# Non-compact Vortex clearance issues? Frame Trade?



## zacattacks (Mar 28, 2007)

Hi, I was wondering if any non-compact Litespeed Vortex owners have experienced a lack of rear tire clearance when trying to run 25c or larger tires. When I had 25c Grand Prix 3000s on the bike there was hardly any space between the tire and the front der. clamp. 

On a related note, can anyone confirm the amount of clearance on the newer compact Vortex? In pics it seems that maybe there is a little more room for larger tires. 

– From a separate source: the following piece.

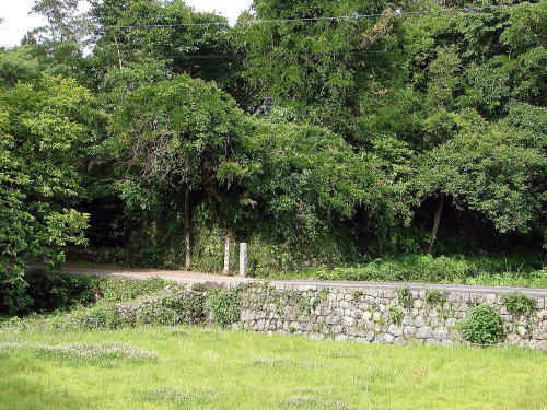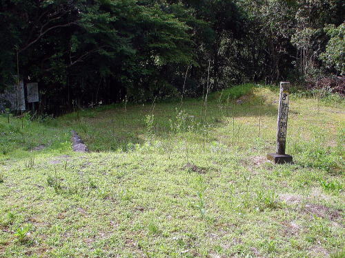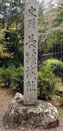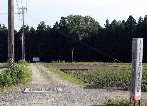 ![]() 鳥居強右衛門 磔死之趾 この道の突き当りあたりで、強右衛門がはりつけにされた。樹木で見えませんが後方は長篠城跡。 |

Thanks for the advice, and in the next few weeks I may be looking to swap my yr. 2000(?) 59cm Vortex frame (non-compact, non-integrated 1 1/8 H.S.) for a compact vortex, Merlin extralight (non-integrated H.S. only) or some other Ti frame with a 57ish top tube. I would even consider trading for a size smaller non-compact Vortex frame since I am only a bit over 6ft and like more standover height than most. If anyone is looking to swap in the other direction please let me know what you had in mind.

-Zac


----------



## Tequila Joe (May 30, 2004)

zacattacks said:


> On a related note, can anyone confirm the amount of clearance on the newer compact Vortex? In pics it seems that maybe there is a little more room for larger tires.
> 
> -Zac


I'll check for you when I get home tonight.

T.J.

EDIT: 
The area where clearance is tightest is between the tire and chain stays. My electronic caliper reads ~28.4mm distance where the tire resides. It'll be very tight but a 25mm tire should fit. There is plenty of room between the tire, seat tube and FD hanger.


----------